**What you will do**
Return the lines of the material below exactly, beginning with the line that has "Simplified geological context" in it and finishing with the line that has "原则上每个采样点设置2个绿码" in it. Leave all pictures aside.

(Dataset records)

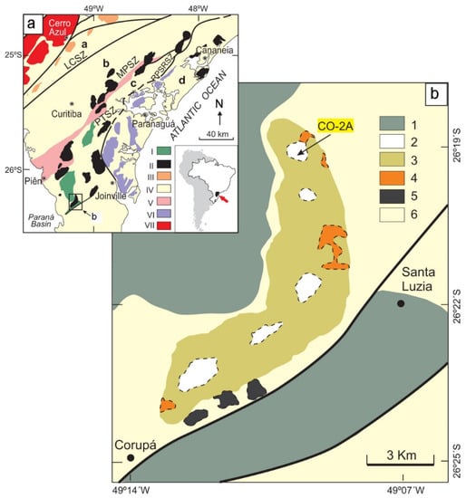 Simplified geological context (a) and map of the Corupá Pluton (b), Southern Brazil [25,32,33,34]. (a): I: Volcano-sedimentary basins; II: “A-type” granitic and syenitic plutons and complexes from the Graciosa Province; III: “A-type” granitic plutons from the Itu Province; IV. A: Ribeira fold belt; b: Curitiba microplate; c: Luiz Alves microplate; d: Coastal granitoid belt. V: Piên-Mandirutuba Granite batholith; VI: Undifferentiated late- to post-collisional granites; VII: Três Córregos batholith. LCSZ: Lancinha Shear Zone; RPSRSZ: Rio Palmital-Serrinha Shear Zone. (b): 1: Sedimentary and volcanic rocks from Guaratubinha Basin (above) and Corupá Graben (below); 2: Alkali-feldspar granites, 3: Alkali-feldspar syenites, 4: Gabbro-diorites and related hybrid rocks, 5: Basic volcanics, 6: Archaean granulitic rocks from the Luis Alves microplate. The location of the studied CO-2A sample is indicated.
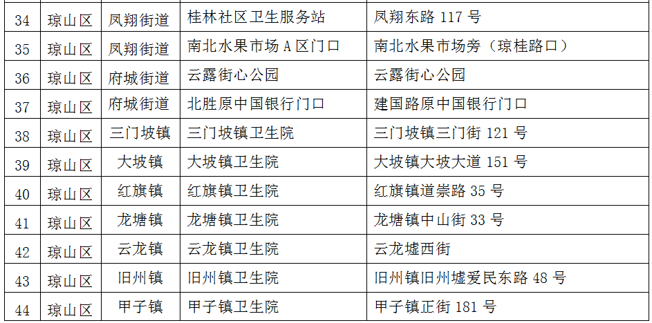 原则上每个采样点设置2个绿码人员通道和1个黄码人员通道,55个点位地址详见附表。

(End Dataset records)
(Dataset records)

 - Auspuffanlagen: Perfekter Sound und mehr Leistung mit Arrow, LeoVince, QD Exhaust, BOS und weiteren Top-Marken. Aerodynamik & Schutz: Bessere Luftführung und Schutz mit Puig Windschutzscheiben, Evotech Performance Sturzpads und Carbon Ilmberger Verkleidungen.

(End Dataset records)

**Exercise output**
 Simplified geological context (a) and map of the Corupá Pluton (b), Southern Brazil [25,32,33,34]. (a): I: Volcano-sedimentary basins; II: “A-type” granitic and syenitic plutons and complexes from the Graciosa Province; III: “A-type” granitic plutons from the Itu Province; IV. A: Ribeira fold belt; b: Curitiba microplate; c: Luiz Alves microplate; d: Coastal granitoid belt. V: Piên-Mandirutuba Granite batholith; VI: Undifferentiated late- to post-collisional granites; VII: Três Córregos batholith. LCSZ: Lancinha Shear Zone; RPSRSZ: Rio Palmital-Serrinha Shear Zone. (b): 1: Sedimentary and volcanic rocks from Guaratubinha Basin (above) and Corupá Graben (below); 2: Alkali-feldspar granites, 3: Alkali-feldspar syenites, 4: Gabbro-diorites and related hybrid rocks, 5: Basic volcanics, 6: Archaean granulitic rocks from the Luis Alves microplate. The location of the studied CO-2A sample is indicated.
 原则上每个采样点设置2个绿码人员通道和1个黄码人员通道,55个点位地址详见附表。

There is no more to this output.